» Exercise goal: Leaving out pictures, output exactly the lines below from the one that has "光迅科技本次发行拟募集不超过" through the one that has "P0717 are set.", and nothing else.

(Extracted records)
[Start of Attachment]

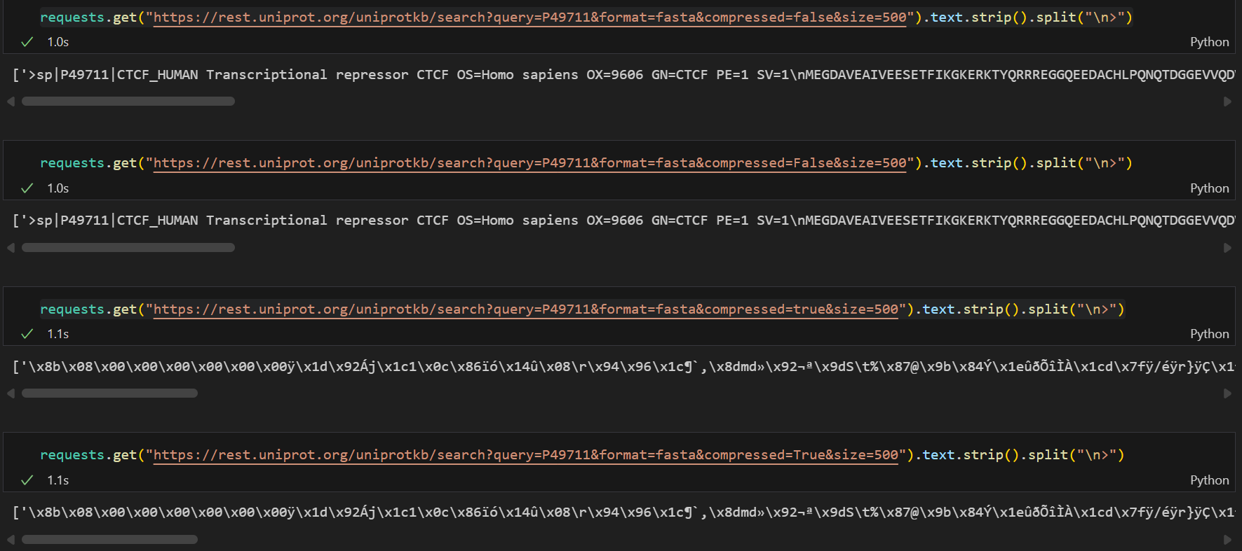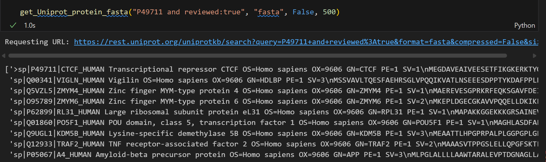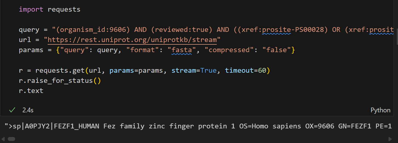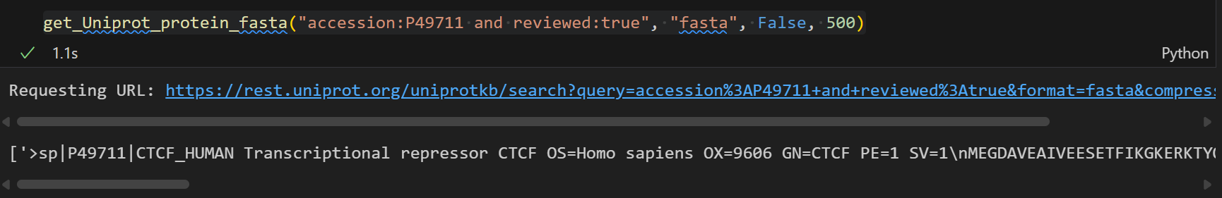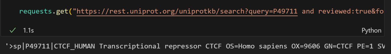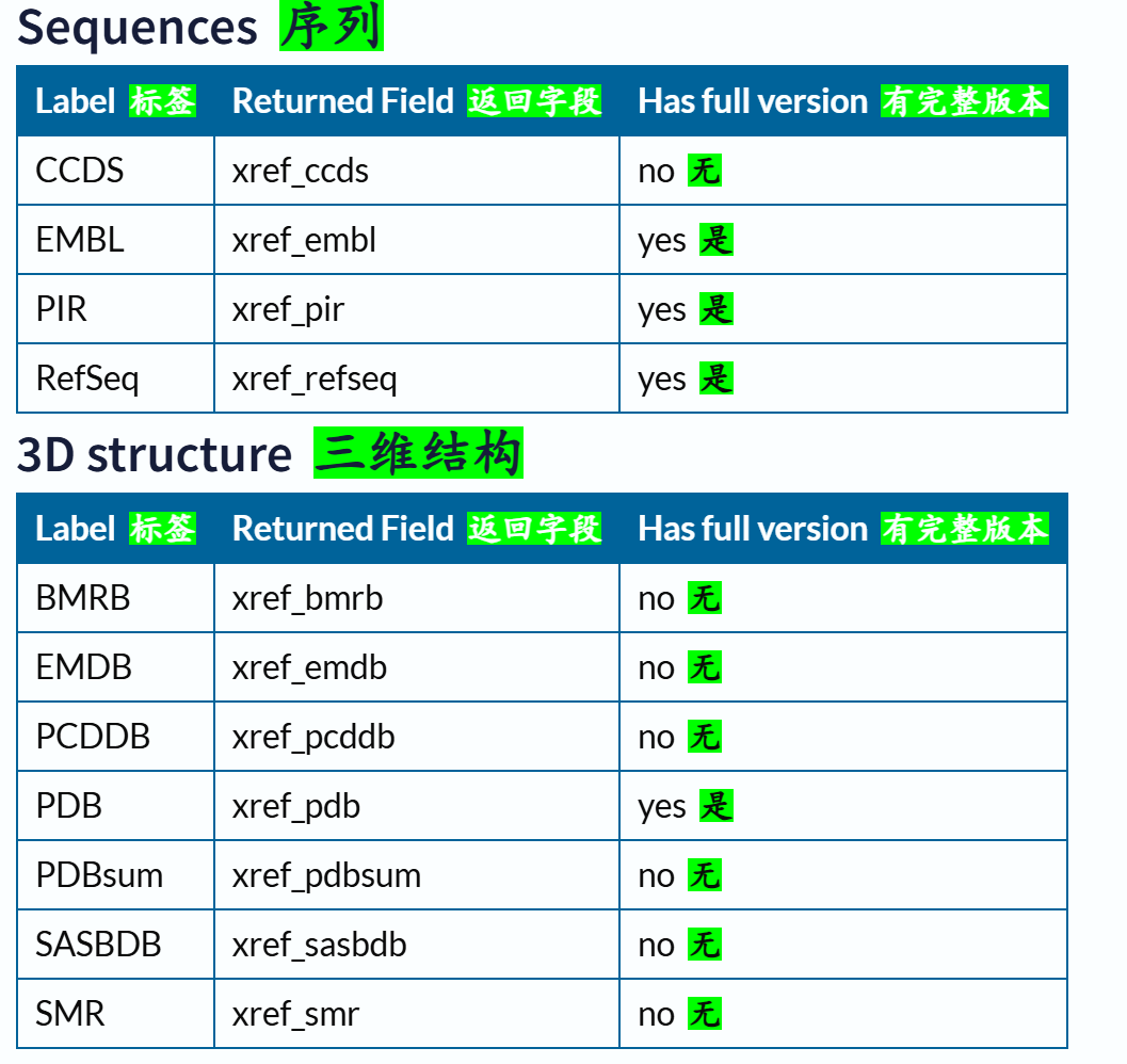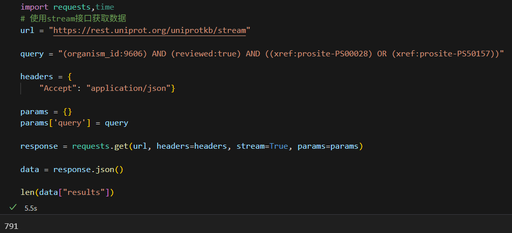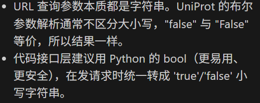 这里需要注意的是尽量使用Uniprot标识符来稳定访问,其他的访问并不一定稳定,比如说uniref,
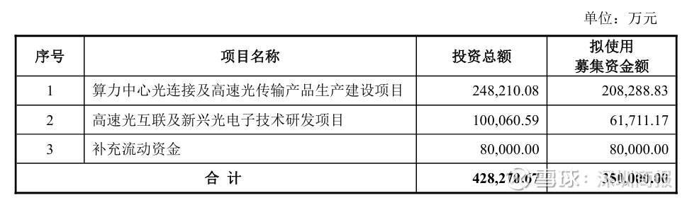 光迅科技本次发行拟募集不超过35亿元,其中,20.83亿元用于算力中心光连接及高速光传输产品生产建设项目;6.17亿元用于高速光互联及新兴光电子技术研发项目;8亿元用于补充流动资金。
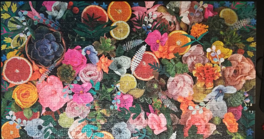 Sitting down on my couch, in front of a large wooden coffee table, I set to work on a new jigsaw puzzle – a vibrant array of colourful flowers interspersed with delightful slices of citrus fruits. The first task at hand is to find all the border pieces, easily distinguishable by their one flat side. In no time at all, a pile forms in the center of the table. As I start to put the pieces together, it becomes apparent that this puzzle, though varied in colour throughout, may not be as easy as it appears. Strings of pieces have formed, but they do not connect and a number of single pieces lay idly beside. The realization comes upon me that I must have put some wrong pieces together. I hunker down, examining each piece more carefully and sift through the box for more side pieces. I am determined to take on the challenge and finish the border before I get up off my couch again.
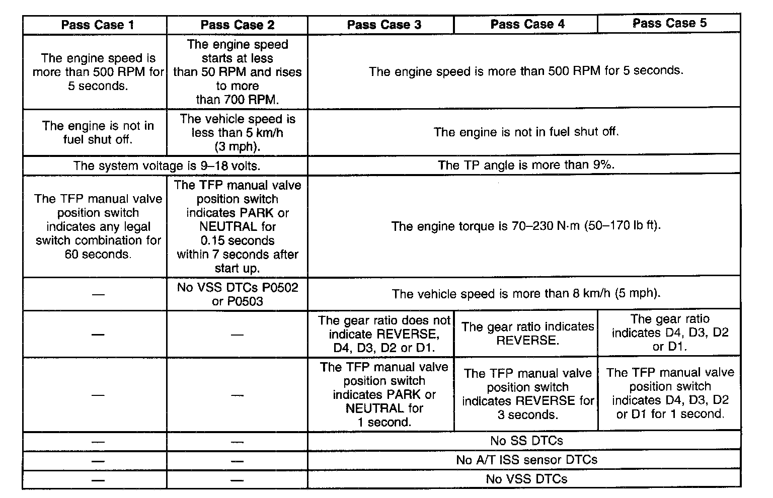 ^ No A/T ISS sensor DTCs P0716 or P0717 are set.
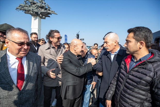 İşte biz bu şehirde dev yatırımlarımızı, İzmir’den 40 alıp 1 veren bu zihniyete rağmen gerçekleştirdik. Yatırımlarımızın her bir katresinde, her adımında sarayın değil, halkın alın teri vardır. Kimseye eyvallahı olmayan, kimsenin önünde el bağlamayan alnı ak, başı dik İzmir'in gücü vardır... Mustafa Kemal'in evlatlarının yüreği vardır.İyi ki bu şehir için aşkla çarpan 4 buçuk milyon yürek var. İyi ki beş yıl sizlerle omuz omuza yürüdük. İyi ki varsınız'' diye konuştu. ''NAKİT ÖDEME BİTTİ, İZMİRİM KART AVANTAJLARIYLA KAVUŞTURDUK''Soyer konuşmasında,''Göreve geldiğimizde, şehrimizdeki deniz ulaşımının kent içi ulaşımdaki payı ne yazık ki oldukça düşüktü. Bu eksiği gidermek ve şehrimizin doğayla uyumlu ulaşım altyapısı için önemli adımlar attık. Ölümsüzleşen Fethi Sekin ve Uğur Mumcu isimlerini verdiğimiz iki arabalı feribot satın aldık. İki tanede de kiraladık. Böylece Deniz filomuzu büyüttük, sefer sayılarımızı artırdık. Kent çeperinin dışında kalan ilçelerimizi, entegre toplu ulaşım ağına dahil etme yolunda devrim niteliğinde bir projeye de imza attık. İZTAŞIT’ı hayata geçirdik. Kooperatif temelli bu proje ile bireysel toplu taşımacıları tek çatı altında buluşturduk. ESHOT denetimli toplam 196 İZTAŞIT aracımızla Seferihisar, Kiraz, Menemen, Foça, Ödemiş ve Bergama’da hemşerilerimize hizmet veriyoruz. Nakit ödeme dönemini bitirdik. 7’den 70’e vatandaşlarımızı İzmirim Kart avantajlarına kavuşturduk'' dedi.

[End of Attachment]

» Response area:
 光迅科技本次发行拟募集不超过35亿元,其中,20.83亿元用于算力中心光连接及高速光传输产品生产建设项目;6.17亿元用于高速光互联及新兴光电子技术研发项目;8亿元用于补充流动资金。
 Sitting down on my couch, in front of a large wooden coffee table, I set to work on a new jigsaw puzzle – a vibrant array of colourful flowers interspersed with delightful slices of citrus fruits. The first task at hand is to find all the border pieces, easily distinguishable by their one flat side. In no time at all, a pile forms in the center of the table. As I start to put the pieces together, it becomes apparent that this puzzle, though varied in colour throughout, may not be as easy as it appears. Strings of pieces have formed, but they do not connect and a number of single pieces lay idly beside. The realization comes upon me that I must have put some wrong pieces together. I hunker down, examining each piece more carefully and sift through the box for more side pieces. I am determined to take on the challenge and finish the border before I get up off my couch again.
 ^ No A/T ISS sensor DTCs P0716 or P0717 are set.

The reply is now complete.